Udo Wolf: Ich würde nicht von Parallelgesellschaften sprechen. Richtig ist, dass viele Berlinerinnen und Berliner mit Migrationshintergrund zu wenige Möglichkeiten haben, am gesellschaftlichen Leben teilzuhaben. Darum wollen wir neben allen Anstrengungen in der Bildungs- und Arbeitsmarktpolitik vor allem eins: Integration als Teilhabe verstehen. Deshalb haben wir als einziges Bundesland ein Partizipations- und Integrationsgesetz, wir wollen das Staatsbürgerschaftsrecht und das Wahlrecht öffnen und modernisieren, Diskriminierung abbauen und vieles mehr. Da ist in erster Linie auch die sogenannte Mehrheitsgesellschaft gefordert.

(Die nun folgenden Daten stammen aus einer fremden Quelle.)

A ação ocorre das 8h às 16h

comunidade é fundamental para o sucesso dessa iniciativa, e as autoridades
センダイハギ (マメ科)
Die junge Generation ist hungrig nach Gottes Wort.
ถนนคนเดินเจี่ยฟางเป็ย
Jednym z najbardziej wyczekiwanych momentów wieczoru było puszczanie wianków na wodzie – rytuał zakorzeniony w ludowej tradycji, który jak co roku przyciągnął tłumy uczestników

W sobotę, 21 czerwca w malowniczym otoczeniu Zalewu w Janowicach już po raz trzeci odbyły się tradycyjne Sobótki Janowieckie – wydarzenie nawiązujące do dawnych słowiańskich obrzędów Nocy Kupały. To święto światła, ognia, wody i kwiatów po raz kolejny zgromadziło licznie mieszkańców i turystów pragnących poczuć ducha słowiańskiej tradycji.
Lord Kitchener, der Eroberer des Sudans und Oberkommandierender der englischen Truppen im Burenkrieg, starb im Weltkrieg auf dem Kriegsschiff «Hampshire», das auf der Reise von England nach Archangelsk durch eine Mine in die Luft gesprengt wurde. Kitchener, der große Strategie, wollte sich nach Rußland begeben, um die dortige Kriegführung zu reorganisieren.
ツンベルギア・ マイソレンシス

Lars Sobiraj: Dass jede Finanzkrise auch Gewinner hat steht außer Frage. Die Verursacher der immer wieder aufflammenden Wirtschaftskrise möchten Sie „zur Kasse bitten“. Mit welcher gesetzlichen Grundlage soll dies derzeit gelingen? Wie genau sollte sich der Wähler das vorstellen?

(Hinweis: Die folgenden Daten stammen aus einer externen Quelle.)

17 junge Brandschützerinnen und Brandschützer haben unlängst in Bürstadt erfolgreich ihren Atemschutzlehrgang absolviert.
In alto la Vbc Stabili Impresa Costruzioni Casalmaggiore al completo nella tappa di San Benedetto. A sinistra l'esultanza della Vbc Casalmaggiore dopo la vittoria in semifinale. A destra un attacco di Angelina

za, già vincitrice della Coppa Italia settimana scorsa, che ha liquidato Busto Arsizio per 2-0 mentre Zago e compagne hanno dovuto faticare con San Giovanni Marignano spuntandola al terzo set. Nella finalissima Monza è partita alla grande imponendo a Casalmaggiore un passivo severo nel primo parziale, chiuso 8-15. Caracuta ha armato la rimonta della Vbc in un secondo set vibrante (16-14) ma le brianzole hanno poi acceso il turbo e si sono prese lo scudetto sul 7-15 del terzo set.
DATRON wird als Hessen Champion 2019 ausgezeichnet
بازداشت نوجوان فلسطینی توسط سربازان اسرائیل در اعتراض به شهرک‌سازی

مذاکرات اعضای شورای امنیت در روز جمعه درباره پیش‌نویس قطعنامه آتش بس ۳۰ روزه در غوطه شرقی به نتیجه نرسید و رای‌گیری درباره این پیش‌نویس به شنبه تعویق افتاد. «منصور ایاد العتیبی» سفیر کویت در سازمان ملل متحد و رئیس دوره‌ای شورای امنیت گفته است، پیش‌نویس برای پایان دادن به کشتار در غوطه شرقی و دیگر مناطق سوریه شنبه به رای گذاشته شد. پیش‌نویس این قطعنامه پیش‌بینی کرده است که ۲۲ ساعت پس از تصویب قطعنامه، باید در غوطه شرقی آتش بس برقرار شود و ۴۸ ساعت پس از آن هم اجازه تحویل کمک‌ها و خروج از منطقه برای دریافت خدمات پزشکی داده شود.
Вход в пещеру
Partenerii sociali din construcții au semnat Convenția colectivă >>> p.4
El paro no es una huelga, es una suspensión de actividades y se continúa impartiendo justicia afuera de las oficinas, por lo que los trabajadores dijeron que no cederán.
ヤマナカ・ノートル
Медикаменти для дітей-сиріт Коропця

Udo Wolf: Die Finanzkrise hat die bundesdeutschen Steuerzahler bis jetzt 335 Milliarden Euro gekostet, unter anderem für systemrelevante Banken. Mit jeder Finanzkrise sind weitere Zahlungen vorprogrammiert. Hier sagt DIE LINKE deutlich: Das darf so nicht weiter gehen. Wir brauchen eine Entkopplung der Staatsfinanzen von den Finanzmärkten. Unsere Bundespolitiker haben dafür eine Euro-Bank für öffentliche Anleihen und eine von den Finanzmärkten losgelöste Europäische Zentralbank vorgeschlagen. Es geht hier um die Frage der Dominanz der Politik.

Wir brauchen außerdem eine gerechte Besteuerung von Einkommen und Vermögen. Nur wenn ein Land wie Berlin seine Einnahmeseite verbessern kann, gelingt es, den öffentlichen Haushalt zu sanieren. Und dann brauchen wir eine rechtliche Neuordnung des Bankenwesens. Das heißt: Die großen privaten Banken müssen unter gesellschaftliche Kontrolle.

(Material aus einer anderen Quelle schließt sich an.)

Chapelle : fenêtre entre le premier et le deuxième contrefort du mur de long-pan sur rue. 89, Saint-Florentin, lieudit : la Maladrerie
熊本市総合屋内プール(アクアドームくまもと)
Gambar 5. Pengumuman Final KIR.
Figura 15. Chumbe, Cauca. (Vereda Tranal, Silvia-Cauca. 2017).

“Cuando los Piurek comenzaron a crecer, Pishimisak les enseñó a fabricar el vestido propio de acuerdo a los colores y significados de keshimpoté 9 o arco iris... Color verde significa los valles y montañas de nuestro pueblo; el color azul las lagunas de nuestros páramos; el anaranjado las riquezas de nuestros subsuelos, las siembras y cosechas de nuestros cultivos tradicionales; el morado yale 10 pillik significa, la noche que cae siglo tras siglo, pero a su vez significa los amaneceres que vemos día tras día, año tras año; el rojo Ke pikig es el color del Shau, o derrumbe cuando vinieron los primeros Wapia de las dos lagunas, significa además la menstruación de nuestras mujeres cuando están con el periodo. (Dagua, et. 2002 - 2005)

Lars Sobiraj: Dann schauen wir mal, wie das in den dortigen Chefetagen ankommen würde. In der Zwischenzeit erstmal vielen Dank für die Antworten und viel Erfolg für den nächsten Sonntag!

 

Anmerkung:

Rein rechnerisch dürfte es laut den letzten Umfragen sehr knapp bis unmöglich für eine Fortsetzung von Rot-Rot werden. Langeweile kommt sowieso keine auf. Berlins Wirtschaftssenator Wolf hat auch so gut zu tun. Neben seinem Endspurt zur Wahl wären da noch die gestern frisch aufgewärmten Korruptsvorwürfe, die zeitlich passend wenige Tage vor dem Wahlsonntag erneut in die Öffentlichkeit getragen wurden. Ob eine Vorverurteilung des betroffenen Managers, ein PR-Feldzug gegen die Linken oder doch Korruption vorliegt, müssen die Richter demnächst entscheiden. Bis dahin werden die Bürgerinnen und Bürger aber schon zu ihrem "Urteil" gekommen sein.